Nemertes recently looked at how organizations with larger networks – particularly Cisco heavy networks – are implementing network automation. The results were a little surprising, as less than 20% use Cisco’s flagship network controller DNA Center and dashboard, which can automate the delivery and management of change.
On the other hand, more than 40% use their own automation solution using various forms of imperative scripts or programming (mostly Python), and about 50% use a different model instead of or in addition: declarative automation.
The idea of imperative programming is to write programs that are a series of instructions such as “Make A, then make B, then if X happens, make C otherwise E”. Most of the most widely used programming languages are required (C ++, C #, PHP and Python). The current trend for more network automation is for many networking professionals to dust off old programming skills or take them for the first time.
The effort is non-trivial for network staff who are not used to this style of programming or who simply find it difficult and joyless. These detailed instructions can be very time consuming and can consist of many steps for even a single configuration change. These steps can be time-sensitive (something 1 has to be done before something 2 has been done or something 1 cancels out the effects of something 2), as well as time-sensitive (something 2 can’t be done to a certain minimum. period of time after something 1 has happened or needs to be done some time after that). Also, the engineer as a programmer has to be so careful only what needs to be done everything this is necessary.

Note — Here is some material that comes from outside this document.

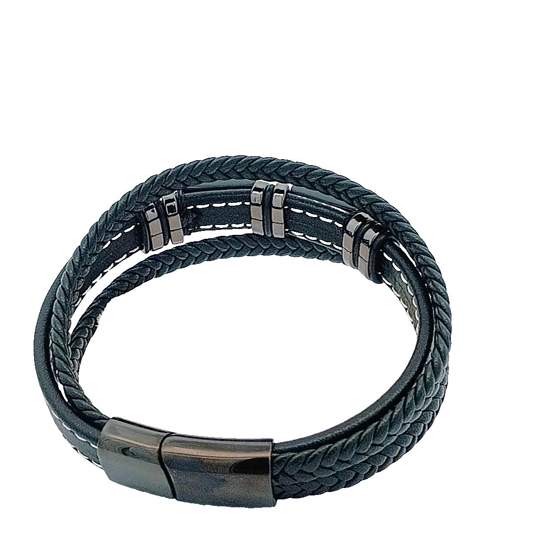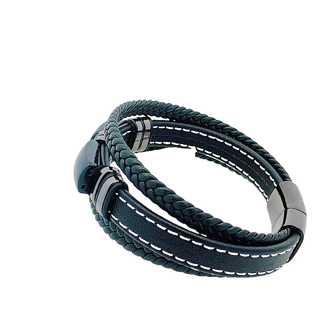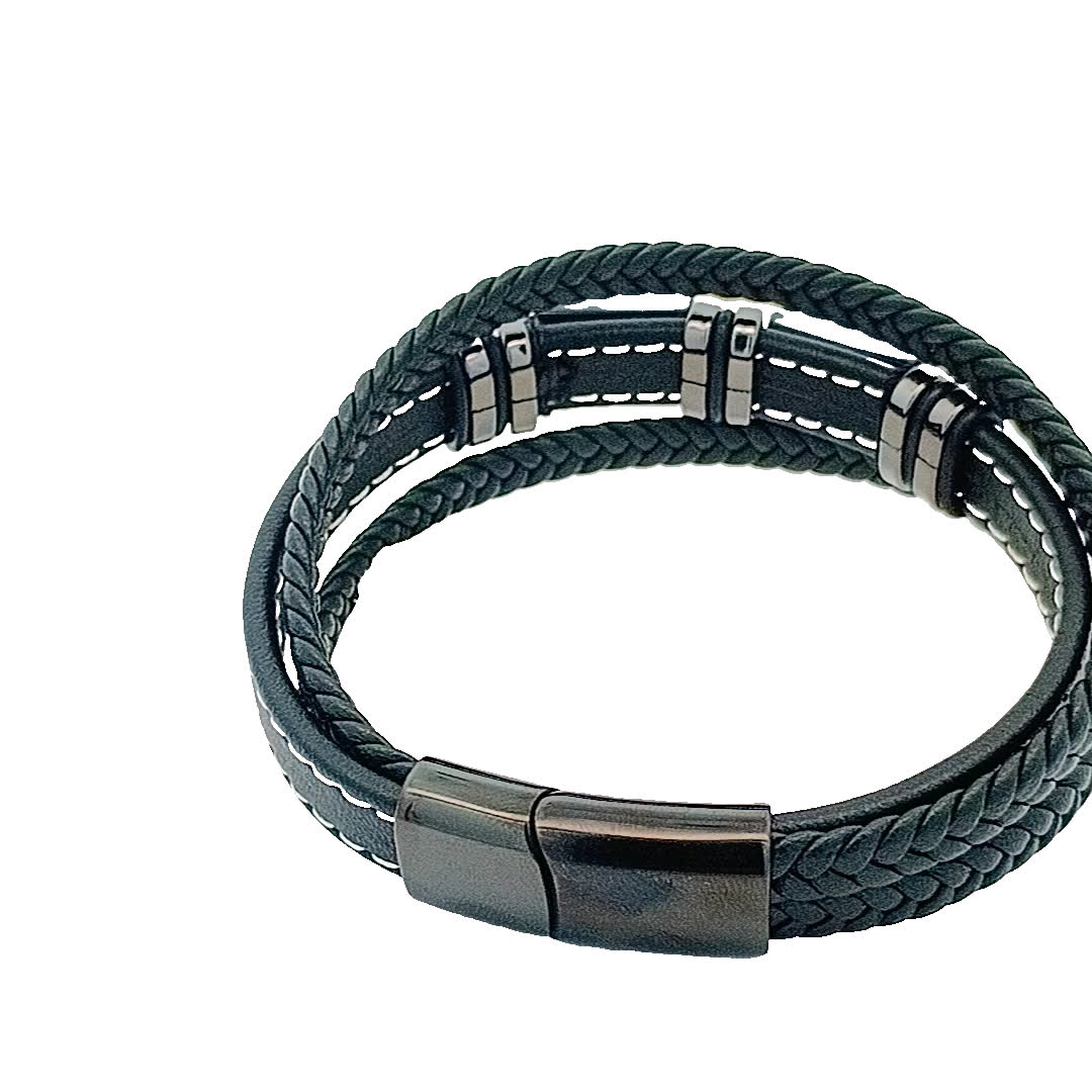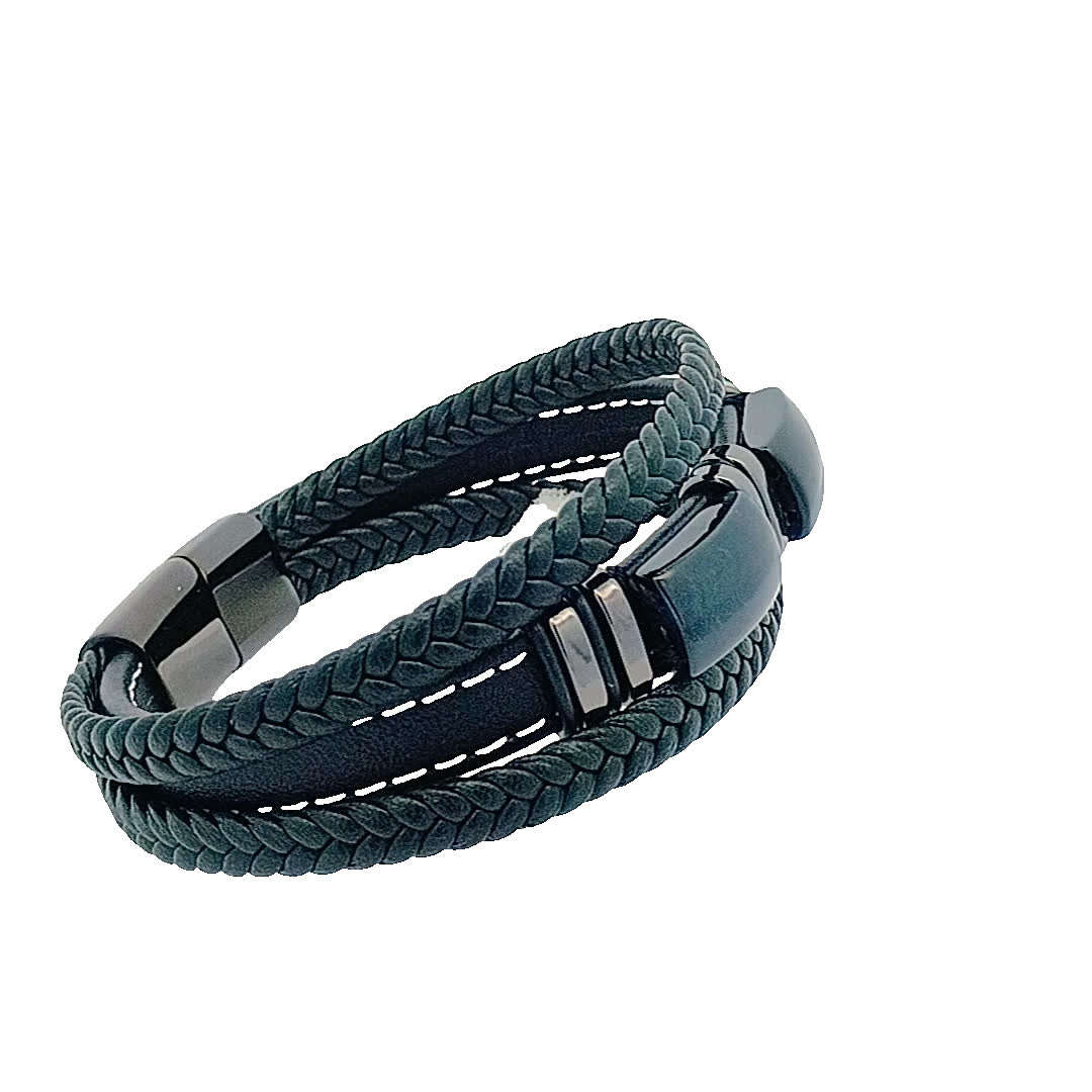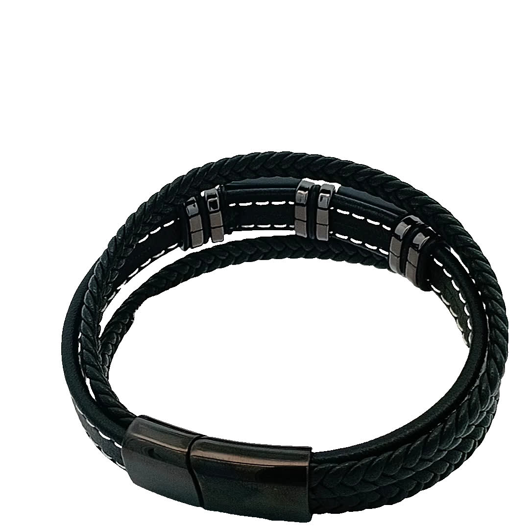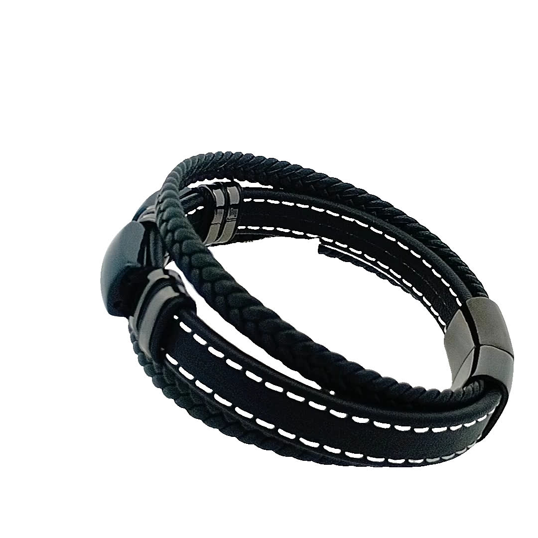 Podnieś poziom swoich dodatków dzięki tej stylowej czarnej skórzanej bransoletce. Dzięki wyjątkowemu plecionemu wzornictwu i eleganckim metalowym akcentom bez wysiłku łączy surowy urok z nowoczesną elegancją. Idealna zarówno na okazje codzienne, jak i formalne, ta bransoletka jest niezbędnym dodatkiem do każdej kolekcji biżuterii.

Some network staff find declarative approaches more appropriate. Declarative programming focuses on defining the desired outcome of the program, not on the steps that need to be taken to achieve it. HTML can be considered a declarative language – “This web page must have this text in this size and this image below and two buttons here and here to take users to pages B and C.” As can SQL – “The set data must contain all records that meet conditions A, B and C. “
Declarative approaches to network automation bear much of the burden of programming by network engineers. People can focus on how a device or service should be configured, instead of coming up with detailed instructions on how to properly achieve that configuration. That is, they can focus on statements such as “Ports 1 to 24 must be configured to 1Gbps full duplex. Ports 1 through 12 are in VLAN A. Ports 13 through 24 are in VLAN B. ”
A 2022 Nemertes network automation survey found that 33% of organizations surveyed use Ansible for network automation and 17% use Gluware. Ansible became famous mainly as a result of the growth of DevOps and the infrastructure paradigm as DevOps-related code. It uses a purely imperative model in its first versions, but about five years ago it added support for declarative models. Network teams see it as a means of automating network management in both data centers and branch / campus networks. Gluware has evolved specifically as a network automation tool and primarily for Cisco-oriented networks.
The declarative one relieves the workload of network engineers
The shift to declarative network automation models alleviates the burden on network teams, especially in the face of ever-evolving network operating systems. An engineer who doesn’t have to worry about updating the OS means that the commands needed to achieve a particular state have changed is an engineer who can focus more on making sure the desired state is still correct. and achievable. In addition, it can alleviate the burden of working on different platforms of network providers. Again, the focus may be on defining the status correctly, rather than on the complex differences between Arista vs. Cisco vs. Juniper command languages.
The downside, however, is that the organization must rely entirely on the platform to be able to properly configure the equipment on its network. This is usually a safe assumption for the largest vendors and their relatively new equipment, but it is not as safe for smaller vendors or older equipment or older versions of operating systems on older equipment. It is worth noting that in the Nemertes study, which focused on obtaining information on Cisco network management, only 25% of organizations had fully Cisco routing and switching. Most organizations had two or three suppliers.
So with the usual compromise of trust tools provided by vendors to tackle imperative automation behind the scenes, declarative automation offers a powerful tool for network teams to advance to the cause of greater automation without having to focus on to become procedural programmers in an imperative style.